> **PROBLEM DESCRIPTION**
From the data below, return all lines holding the string "Fürdő".

[Stored data entries]
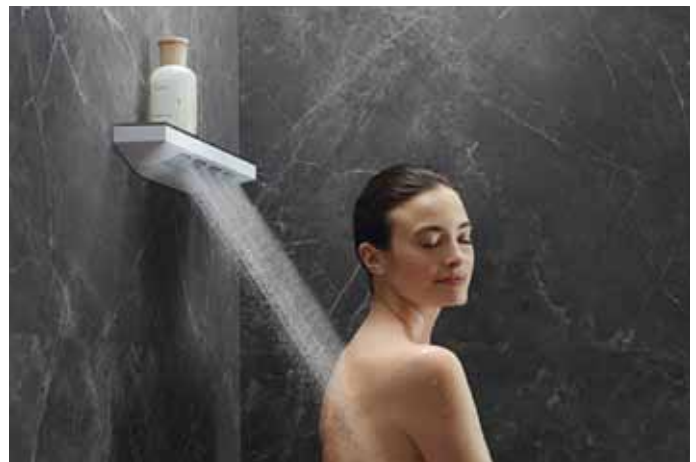
Ob sanfte XL Regendusche oder kräftige Schulterbrause – wir realisieren Ihren Wunsch!
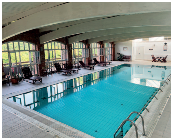
Újra várja vendégeit a Szerencsi Fürdő & Wellnessház.

„Tudom, hogy sokan várták már ezt a bejelentést és köszönöm azoknak, akik az elmúlt hónapok elszabadult energiaárai miatt tudomásul vették a kényszerű korlátozásokat. Mivel nem rendelkezünk termálvízzel, így a medencék feltöltéséhez ivóvizet használunk, amit melegítenünk kell, így a költségek szinte már megfizethetetlenek. Bízom abban, hogy az igény után sokan látogatnak majd el a nyári forró napokon a Szerencsi & Fürdő és Wellnessháza – mert ahogyan korábban is írtam – annak minél jobb
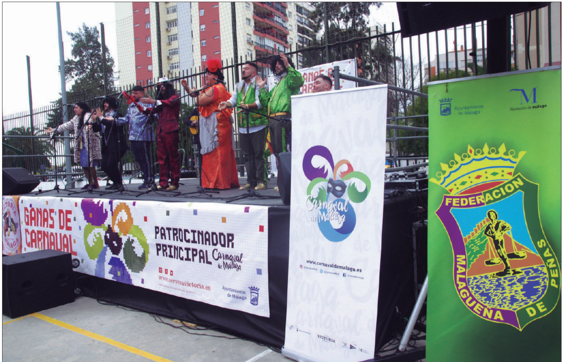
Una de las agrupaciones participantes en las Berzas Carnavales celebradas en el Distrito Cruz de Humilladero.

• FEDERACIÓN MALAGUEÑA DE PEÑAS, CENTROS CULTURALES Y CASAS REGIONALES 'LA ALCAZABA'
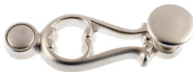
Poignée avec bouton plat laiton nickelé mat
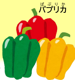
ぱぷりか パプリカ
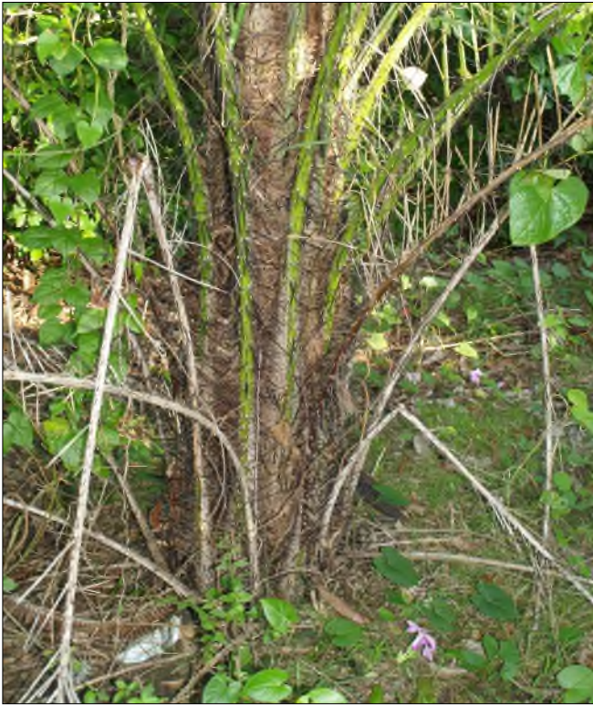
Fig. 74 - Acrocomia aculeata
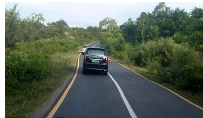
Mobil berjalan di jalur kiri di Indonesia
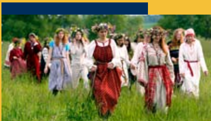
Szent Iván napja
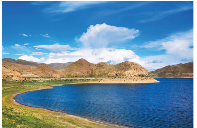
这是7月24日在西藏山南市浪卡子县拍摄的羊卓雍湖景色(手机照片)。羊卓雍湖,藏语意为“碧玉湖”。夏日里的羊卓雍湖,气候宜人,自然风光秀美。
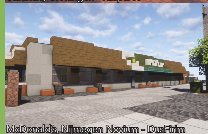
McDonald's, Nijmegen Novium - DusFirm
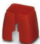
Fargemerking for patchkabel, rød

Fargemerking - FL PATCH CCODE RD - 2891893
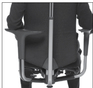
• Braccioli HÅG SwingBack®
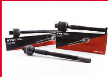
ลูกหมากแฉีก
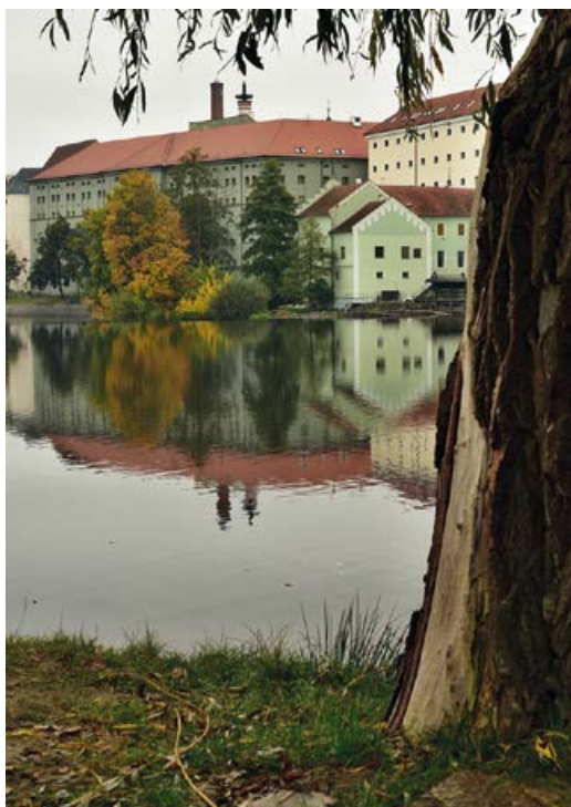
Písek, sladovna a městská elektrárna
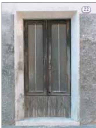
Via Fiume 22 Fronte Laterale
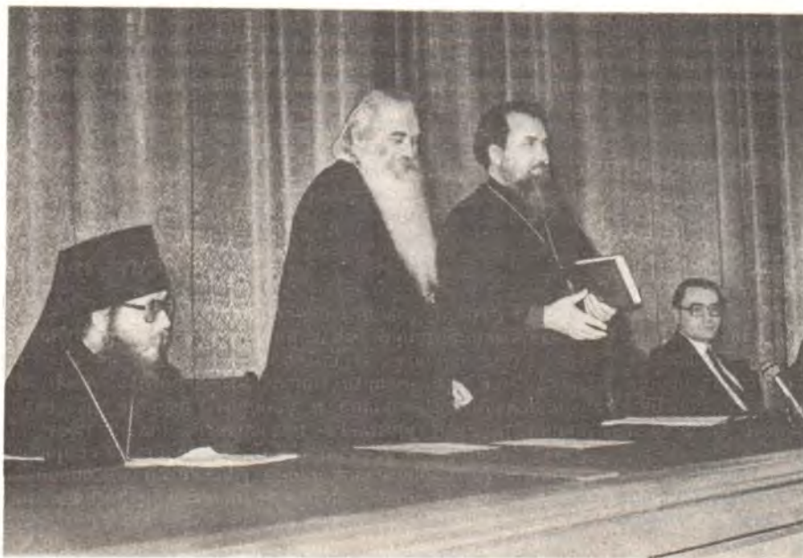
Ректор архиепископ Александр благодарит митрополита Питирима за выступление и переданный дар — Святое Евангелие, изданное в Греции

В области литургического богословия митрополит Филарет выступал против схоластического подхо-
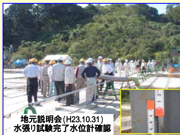
地元説明会(H23.10.31) 水張り試験完了水位計確認
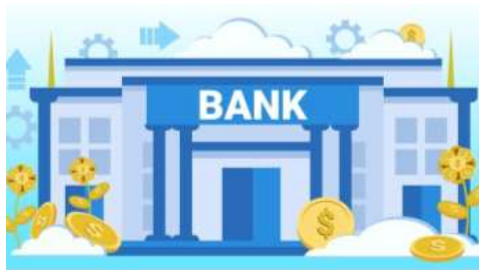
несие алуға арналған бизнес-жоспар
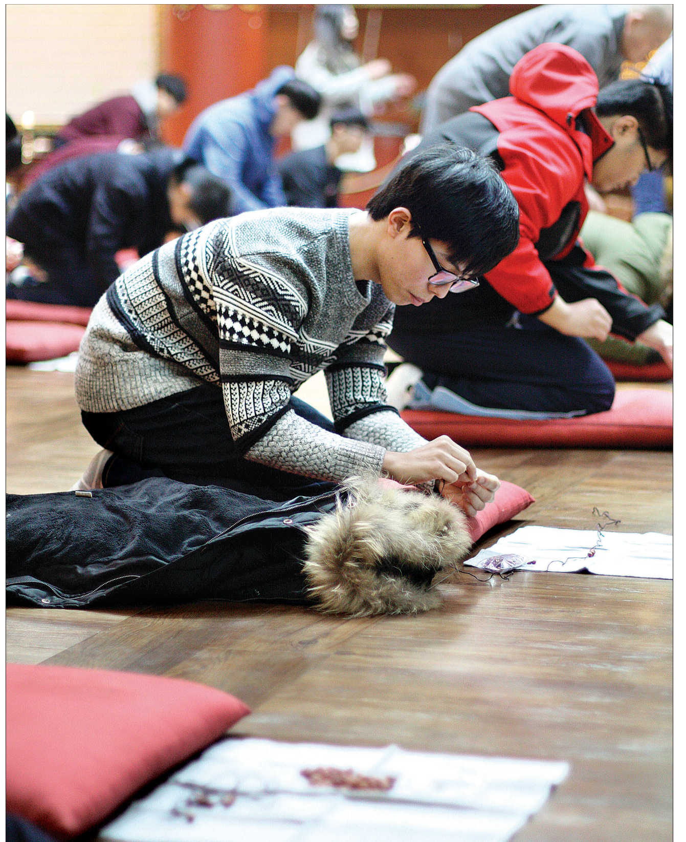
국제불광회 한국부산협회 흥법사의 초청으로 대만 불광대 학생 20여 명이 한국에 방문해 다양한 체험 행사를 했다. 사진은 불광대 학생들이 108배와 염주꿰기를 하는 모습.
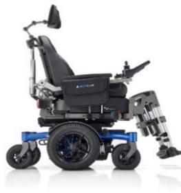
SANGO advanced MWD Sitzmodul SEGO comfort HMV-Nr. 18.50.04.0189
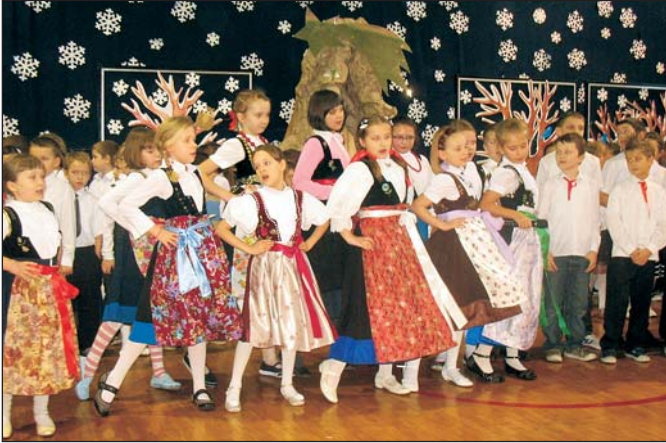
Specjalny występ dla dostojnych gości
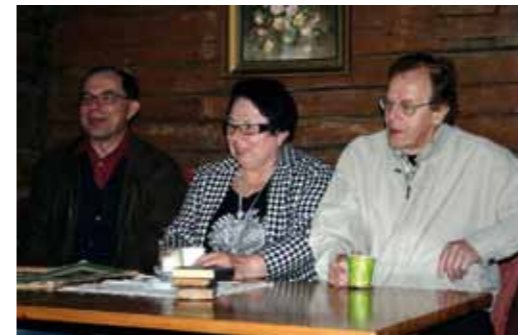
Välimaan perinnetorppassa meille kerottiin torpan elämästä 1930-luvulla. Aidot pannukahvit maistuivat kaikille.
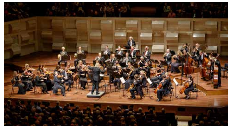
Sinfonia Rotterdam

> **RESULT OF THE EXERCISE**
Újra várja vendégeit a Szerencsi Fürdő & Wellnessház.
„Tudom, hogy sokan várták már ezt a bejelentést és köszönöm azoknak, akik az elmúlt hónapok elszabadult energiaárai miatt tudomásul vették a kényszerű korlátozásokat. Mivel nem rendelkezünk termálvízzel, így a medencék feltöltéséhez ivóvizet használunk, amit melegítenünk kell, így a költségek szinte már megfizethetetlenek. Bízom abban, hogy az igény után sokan látogatnak majd el a nyári forró napokon a Szerencsi & Fürdő és Wellnessháza – mert ahogyan korábban is írtam – annak minél jobb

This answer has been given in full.